Common – Footpaths – Landowner erecting barriers – Applicant seeking to modify definitive map – County council accepting modification – Landowner objecting – Public inquiry – Respondent refusing to confirm modification – Applicant seeking judicial review – Whether user as of right – Whether deed conferring rights to air and exercise evidence of intention not to dedicate – Application refused
Ranmore Common, a wooded area to the north of Dorking, Surrey, was traversed by a number of public footpaths and bridleways shown on the definitive map and statement, “the map”. By a deed dated January 12 1929, the landowner of the common voluntarily applied section 193 of the Law of Property Act 1925 conferring on the public “rights of access for air and exercise”. In March 1990 the landowner put up barriers against that use. The applicant, B, who considered that the tracks were public rights of way, applied to the county council for an order under section 53(2) of the Wildlife and Countryside Act 1981 to modify the map to show the bridleways. On December 1 1993 the council declined to make that order.

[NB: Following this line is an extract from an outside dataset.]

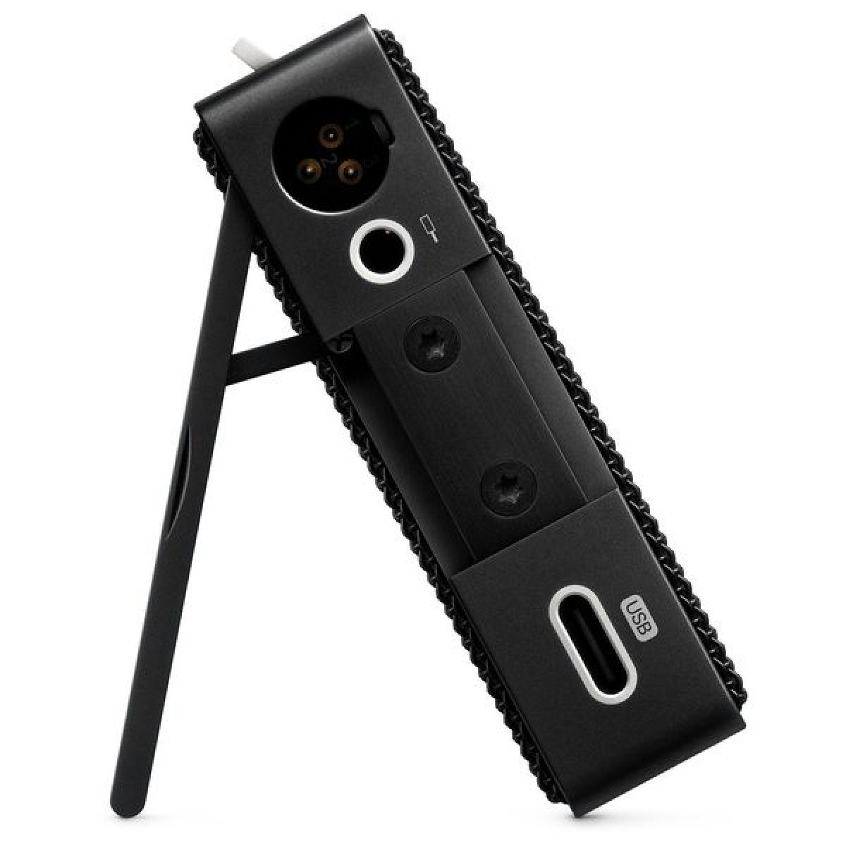 • Se puede utilizar de tres formas diferentes: como micrófono clásico a través de XLR (requiere alimentación fantasma de 48 V), como micrófono USB y como micrófono independiente con preamplificador integrado y salida de nivel de línea a través de un conector jack de 3,5 mm (alimentado por batería integrada) ;

Following B’s appeal under Schedule 14, para 4, to the 1981 Act, the respondent, the Secretary of State for the Environment, directed the council to make the order. The landowner objected to the order and the respondent held an inquiry. Following his inspector’s report, which concluded that the requirements of section 31(1) of the 1981 Act were not satisfied as there was sufficient evidence that the landowner had no intention to dedicate during the 20-year period, the respondent refused to confirm the order. The 1981 Act provided for an appeal from a decision to confirm, but not from a decision to refuse confirmation. B therefore applied for judicial review of the respondent’s decision. There was no dispute that the applicant had established the requisite 20 years’ use of the ways as of right and without interruption, but B contended, inter alia, that the landowner had not satisfied the proviso to section 31(1) by adducing “sufficient evidence that there was no intention during (the requisite period) to dedicate”. Furthermore, B submitted that public had no knowledge of the existence of the 1929 deed, which had not been made known and which was not by itself capable of constituting evidence of an intention not to dedicate.

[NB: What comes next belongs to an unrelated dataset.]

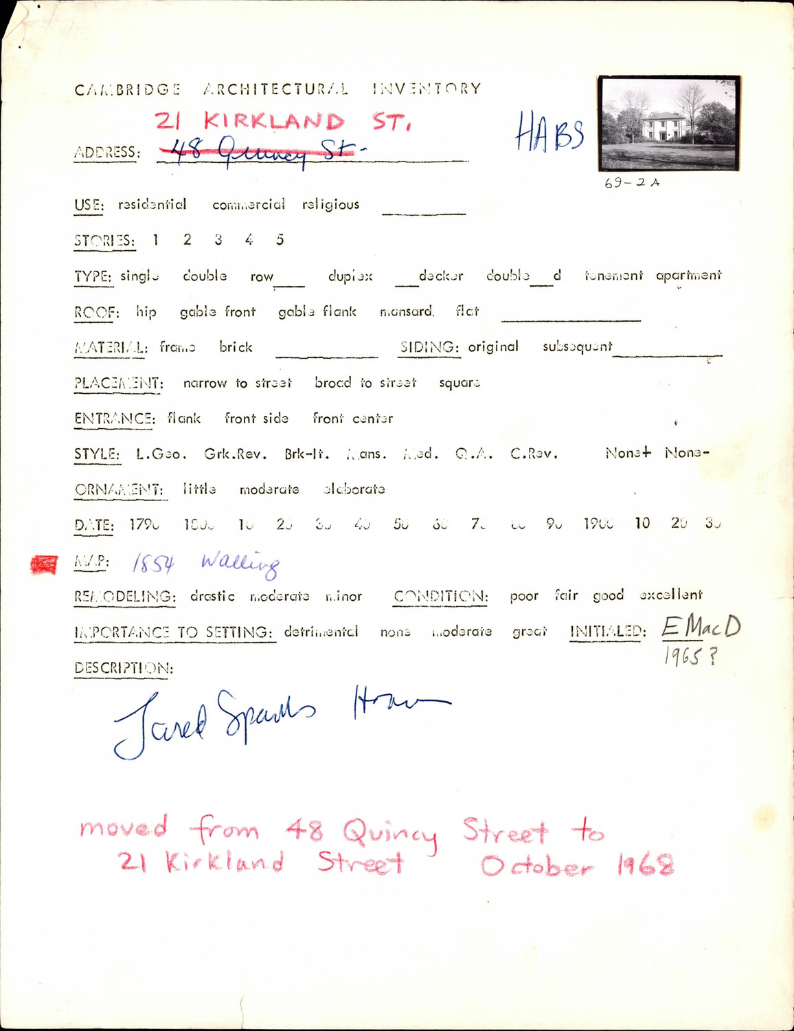 21 Kirkland St - Architectural Inventory Form

Held The application was dismissed.
1. In order to establish the creation of a right of way, either public or private, it was necessary to establish that use of the way was in fact enjoyed without force, secrecy or permission. It was normally sufficient for those claiming the existence of a public right of way to establish that they had enjoyed it for the requisite period in the belief that they were doing so as of right. It was not necessary to prove in every case that they were using the way without permission if that issue was not raised. But if the landowner established that he knew that the use was in fact with permission, that would defeat the claim that the use was “as of right”: see Jones v Bates [1938] 2 All ER 237; R v Secretary of State for the Environment, ex parte Cowell [1993] JPL 851.
2. It followed that the users of the tracks on Ranmore Common were doing what they were permitted to do under section 193 of the 1925 Act by virtue of the deed, and no more. Their enjoyment of the ways was by licence, not as of right, even though they genuinely believed that it was as of right.
George Laurence QC and Louise Davies (instructed by Brooke North,of Leeds) appeared for the applicant; John Hobson (instructed by the Treasury Solicitor) appeared for Secretary of State; Christopher Cochrane QC and Richard Rundell (instructed by Downs, of Dorking) appeared for the landowner.